Sermon: Truth cannot be nailed on a cross or shut in a tomb

Easter Sunday is not only the greatest feast of the Church’s liturgical year, but it carries as well the greatest lesson any man can learn about truth. You can put truth in a grave, but truth will come out.

Easter Sunday is not only the greatest feast of the Church’s liturgical year, but it carries as well the greatest lesson any man can learn about truth. You can put truth in a grave, but truth will come out.

You can nail it on a cross, it will come off it. You may wrap it in winding sheets and shut it up in a tomb but truth will rise. And as we say: Ukuri guca muziko ntigushya (Truth passes into fire and does not burn)

When Jesus died so tragically on a cross, the devil declared its victory with a self congratulatory message. But it was too early: What the devil did not know is that death could not mark the end of Jesus. 

It was just a beginning of another life for Christ The Risen Lord. Jesus had said he would rise from the dead, and so he did.

According to the Gospels (Lk. 24:1-12 and Jn. 20:1-9), when the sorrowful and courageous women  went to the tomb of Jesus in order to  finish the funeral service by anointing his body with spices according to their culture, the turning of the event was too good to be true.

The stone which covered the tomb had been removed.  The tomb itself was empty. And the body of their friend and teacher was nowhere to be seen.

As they continued to scratch their heads, two men in white, described as angels, approached and asked them :  “why are you looking for the living among the dead?” 

As this started ringing a bell in their memory the men went on: “he is not here – he is risen!”  As the women looked so surprised, they were reminded that Jesus had predicted this with precision.

They remembered Jesus’ words and they did as they were asked; to go and tell the good news to the Eleven, and to all the rest. In a nut shell that was the celebration of the first Easter.

As we celebrate Easter this year, we may ask ourselves how this joy still affects the contemporary man with all his problems.

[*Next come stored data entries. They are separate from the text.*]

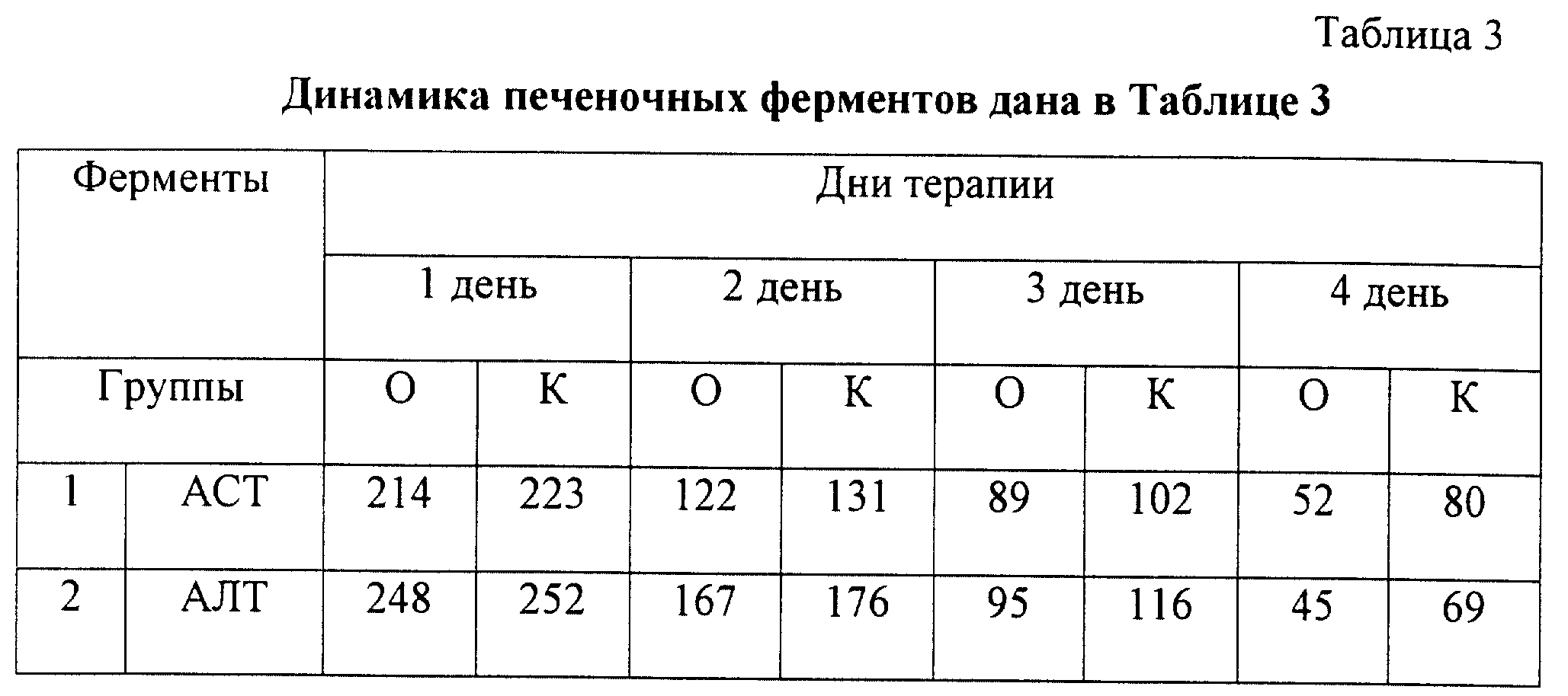(таблица 3). Предлагаемое изобретение снижает симптомы интоксикации, абстинентного, анорексического, гастроинтестинального синдромов, повышает сопротивляемость организма токсическому
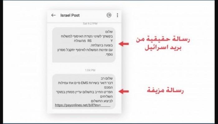في هذه الأيام، هناك محاولات واسعة النطاق من عمليات التصيد الاحتيالي عبر الرسائل النصية - انتحال شخصية بريد إسرائيل ، باستخدام الرسائل النصية (SMS) وذلك بهدف الحصول على معلومات ائتمانية وسرقة الأموال. ويرجى ملاحظة أنه كجزء من الهجوم ومحاولات الاحتيال، يستخدم المشتبه بهم الرقم والاسم الحقيقي لخدمات بريد إسرائيل، بحيث يتلقى الشخص الذي تلقى سابقًا رسائل أصلية وحقيقية من بريد إسرائيل رسالة التصيد الاحتيالي من نفس المرسل (Israel Post). الرسائل مرفق بها رابط خبيث يُطلب من الضحية إدخال معلوماته بطاقته الائتمانية على الموقع الإلكتروني الذي ينتحل شخصية بريد إسرائيل، لصالح دفع مزعوم لرسوم جمركية.
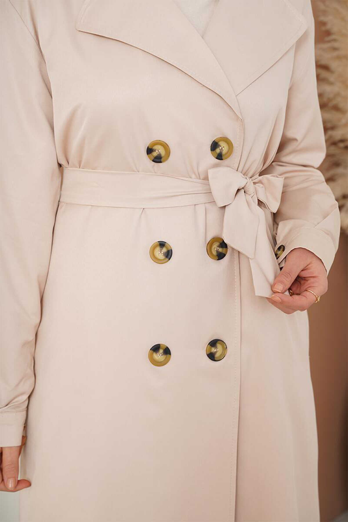 Kruvaze Yaka Trençkot, Kemerli Mevsimlik Trençkot

Some are struggling with the consequences of natural calamity like floods and earth quakes, others are struggling with sad memories of genocide, some are in middle of endless wars and others are facing unbearable life in refugee camps all over the world. Is the celebration of Easter joy still possible in such conditions?

It is exactly in the suffering situation that Jesus opened a window of divine surprise and hope for all people in their different situation.

Because Jesus rose from the dead, man can now contemplate on eternity as well as his personal immortality. He wants us to be with him in the Kingdom of heaven. 

And this gives meaning to our prayers for the departed, when we ask Jesus to receive them where he is.  The Easter event tells us where he is: “why are you looking for the living among the dead?”  “he is not here – he is risen!” 

And with these words the Church reminds us the seriousness of God’s words and his promises which must come true. 

In our concrete situation therefore, the joyful news of Easter may not change the contemporary world dramatically.

But it surely provokes every living person within his or her living conditions. Jesus has done all that is required to save man, what is remaining is man’s individual willingness to cooperate.

That is by believing in him and putting his teaching in practice in our daily life. In brief, the Easter celebrations remind us of our responsibility as God’s witness in the world as we lead a Christian style of life.